GUERRERO : L’armée mexicaine impliquée dans l’affaire Ayotzinapa
En mars, le Groupe interdisciplinaire d’experts indépendants (GIEI) de la Commission Interaméricaine des Droits de l’Homme (CIDH) a présenté son troisième rapport avec les conclusions des enquêtes qu’il a menées sur la disparition des 43 étudiants d’Ayotzinapa en septembre 2014. Les preuves recueillies révèlent que tant l’armée que la marine ont été impliquées dans la disparition et dans la manipulation d’informations pendant 7 ans. Elles indiquent que les étudiants d’Ayotzinapa faisaient l’objet d’une enquête depuis des années ; qu’il y avait des militaires infiltrés à l’intérieur de l’école ; que 4 jours avant la disparition, le commandement de la 35e zone militaire a ordonné à tous les bataillons de Guerrero de suivre les étudiants ; que le jour de la disparition, tant la police que l’armée ont exercé une surveillance détaillée des étudiants, y compris l’interception des communications en temps réel ; que ces informations n’ont pas été partagées avec les autorités chargées de l’enquête ; entre autres. Le GIEI a présenté une vidéo inédite enregistrée par un drone du Ministère de la Marine, dans laquelle on voit des éléments de ladite institution entrer dans la décharge de Cocula (lieu clé de l’enquête en 2014) et manipuler la scène.

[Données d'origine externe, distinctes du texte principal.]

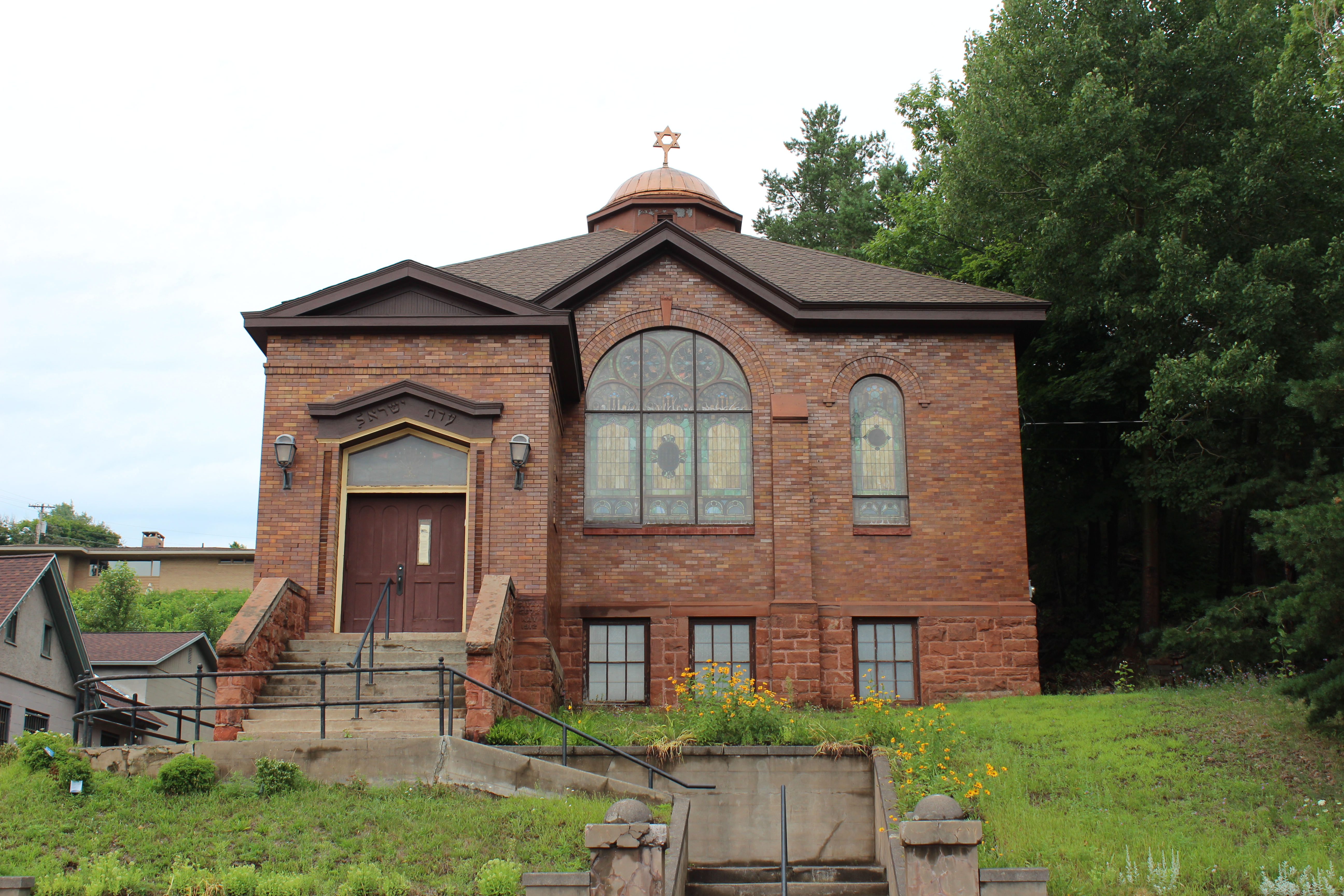 Temple Jacob is a synagogue in Hancock, Michigan, that is a contributing property of the East Hancock Neighborhood Historic District.
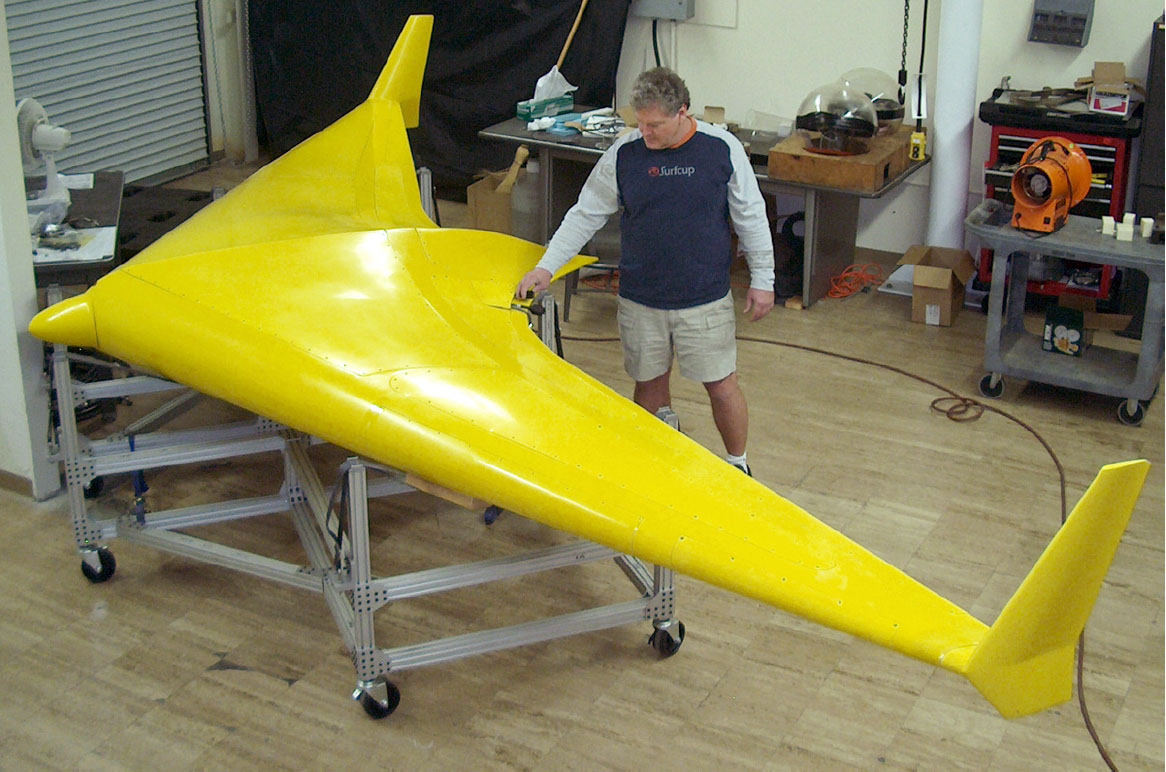 Pictured is the XRay1, a Liberdade class underwater glider which is an autonomous underwater glider vehicle originally developed by research institutions and the US Navy Office of Naval Research to track diesel powered submarines. They are now used to study marine mammals.
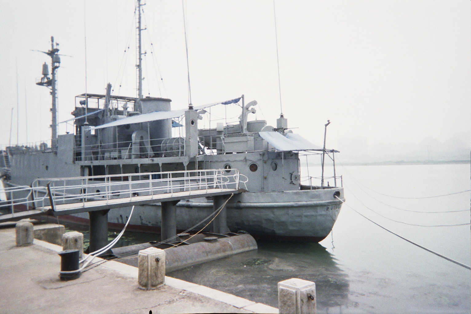 US spyship Pueblo
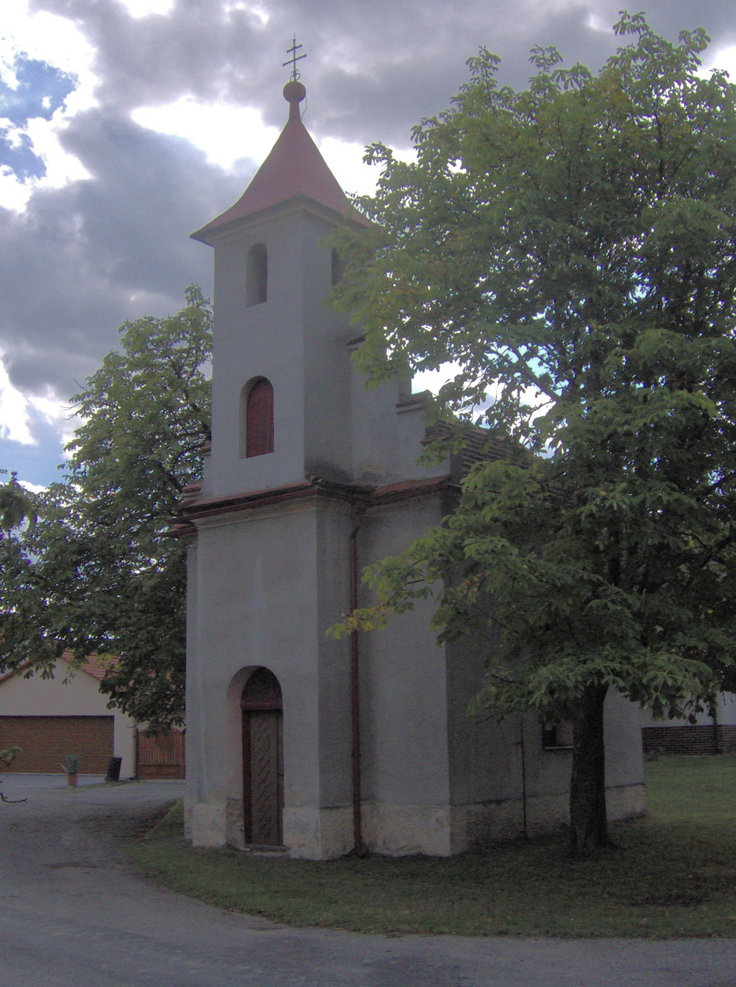 Chapel in Lhota pod Horami, part of village Temelín. Česky: Kaple v Lhotě pod Horami, části obce Temelín.
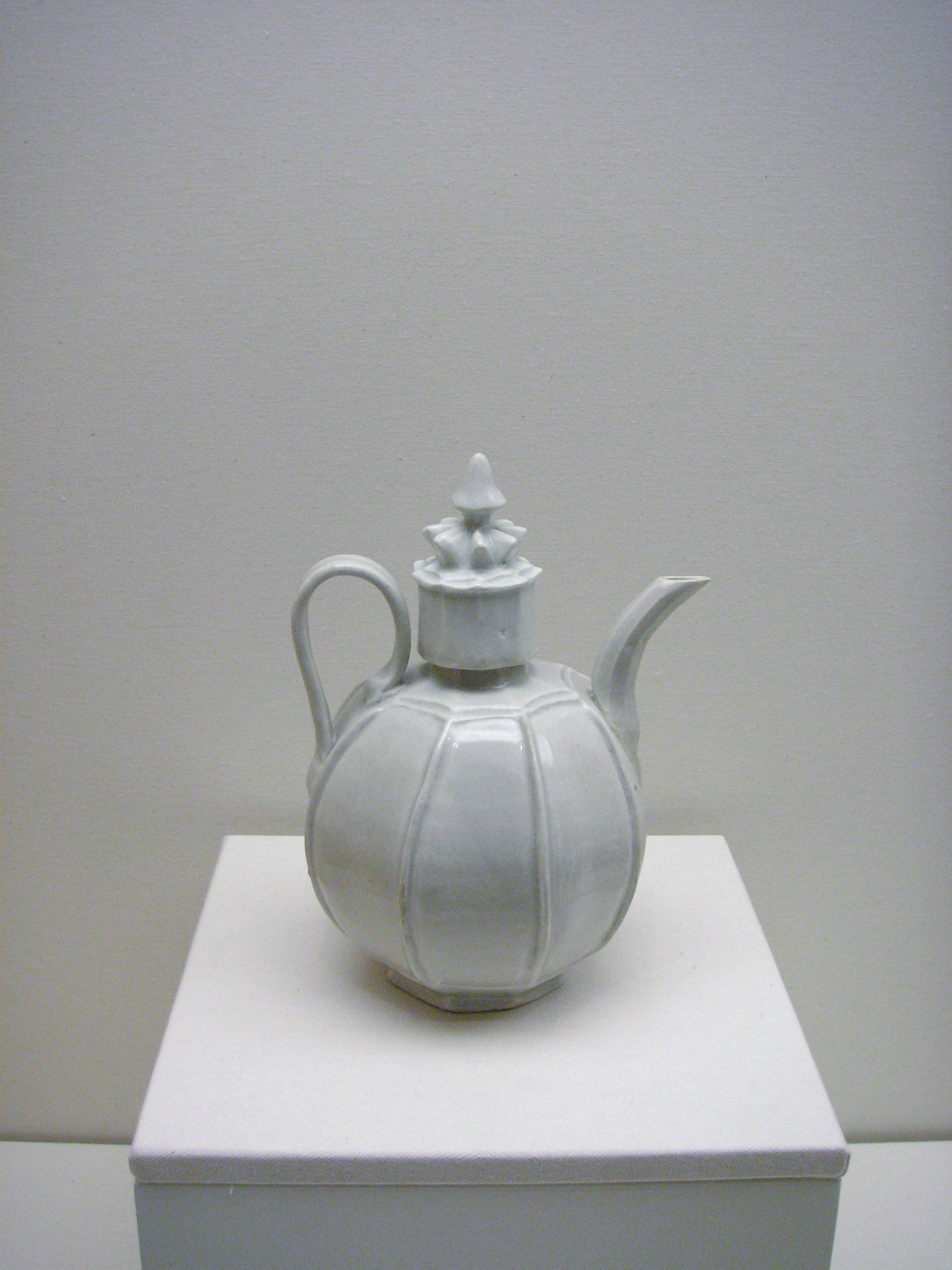 Ewer with cover, qingbai-glazed porcelain. Jingdezhen kills, Jiangxi province, Northern Song dynasty or Southern Song dynasty. 11th or 12th century C.E. Collection Yuegutang, Berlin. At Museum für Ostasiatische Kunst, Berlin-Dahlem.
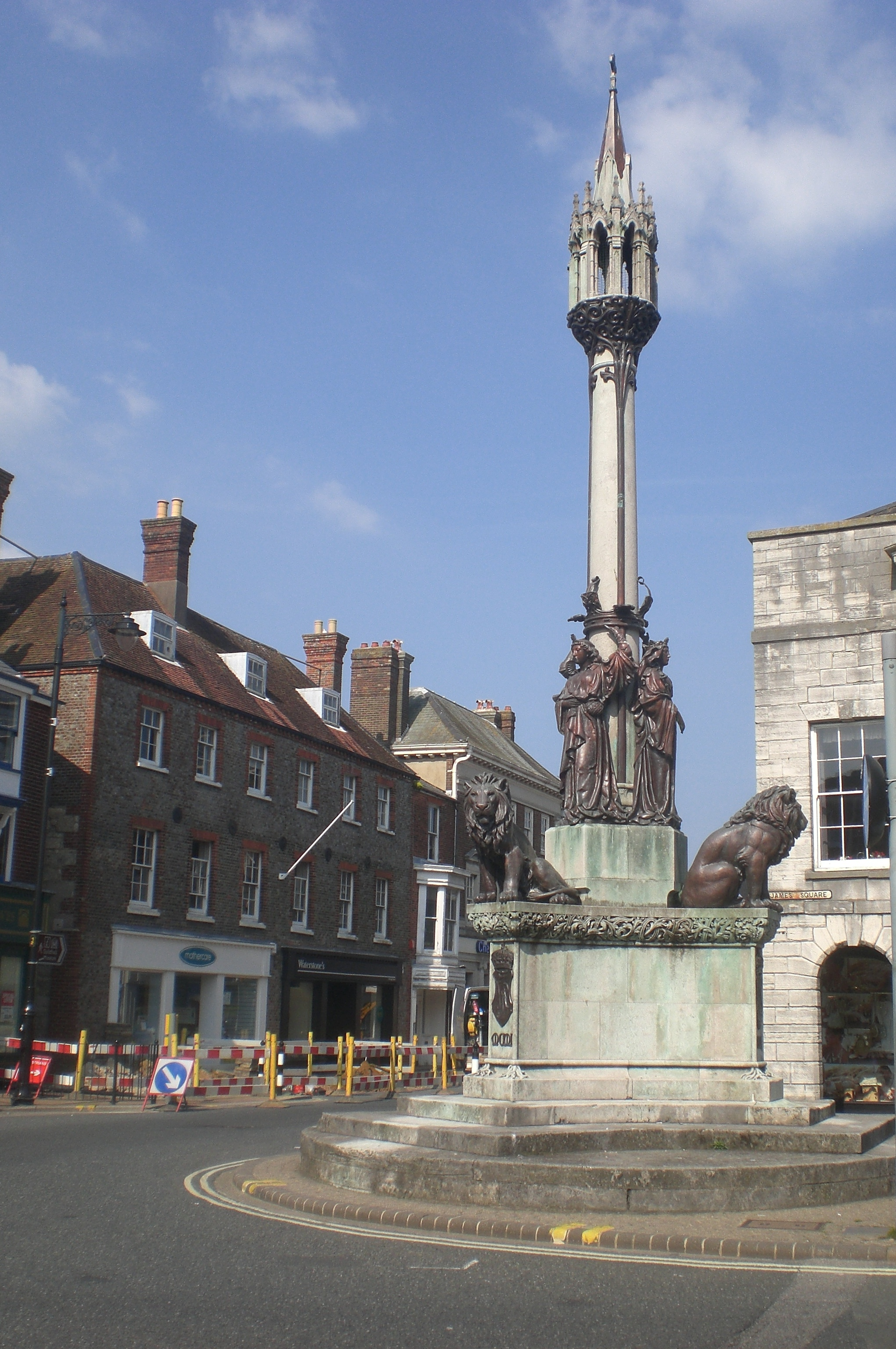 St James Square in Newport.

En mai, des proches des 43 ont affirmé que « les autorités chargées de l’enquête n’ont guère pu forcer l’armée mexicaine à fournir les informations liées à l’affaire, au contraire, les accords de l’exécutif fédéral avec cette institution nous permettent de conclure que le gouvernement n’est pas disposé à tendre les relations, et encore moins à permettre qu’elles soient poursuivies, ceci bien que le président a publiquement réaffirmé son engagement à clarifier les faits et à punir les coupables ».
Compte tenu de la résistance à résoudre un cas aussi emblématique que celui d’Ayotzinapa, il y a peu d’espoir pour des cas plus récents. En mai, un acte politique a eu lieu à Acapulco pour exiger la présentation en vie du défenseur du territoire, Vicente Suastegui Muñoz, porté disparu depuis août 2021. Il est membre du Conseil des Ejidos et des Communautés Opposées au barrage de La Parota (CECOP) raison pour laquelle « …nous soutenons que la disparition de Vicente est pour des raisons politiques, pour sa participation à la défense de la terre. Le CECOP est un mouvement qui a été réprimé, plusieurs sont morts, ont été privés de liberté et ont dû vivre dans l’angoisse », a déclaré le Centre des droits humains de la montagne Tlachinollan.
De même, en mai, la Coordination Régionale des Autorités Communautaires-Police Communautaire (CRAC-PC) a exigé « une enquête rapide, exhaustive et impartiale sur l’assassinat du défenseur des droits du peuple afro-mexicain, Luis Ortiz Donato, survenu jeudi dernier, le 28 avril » dans la municipalité de Marquelia. Ils ont également souligné que « son meurtre est un message désastreux de la part de groupes puissants et du crime organisé, qui se sentent protégés par un système judiciaire étatique qui n’enquête pas sur les crimes contre les défenseurs ».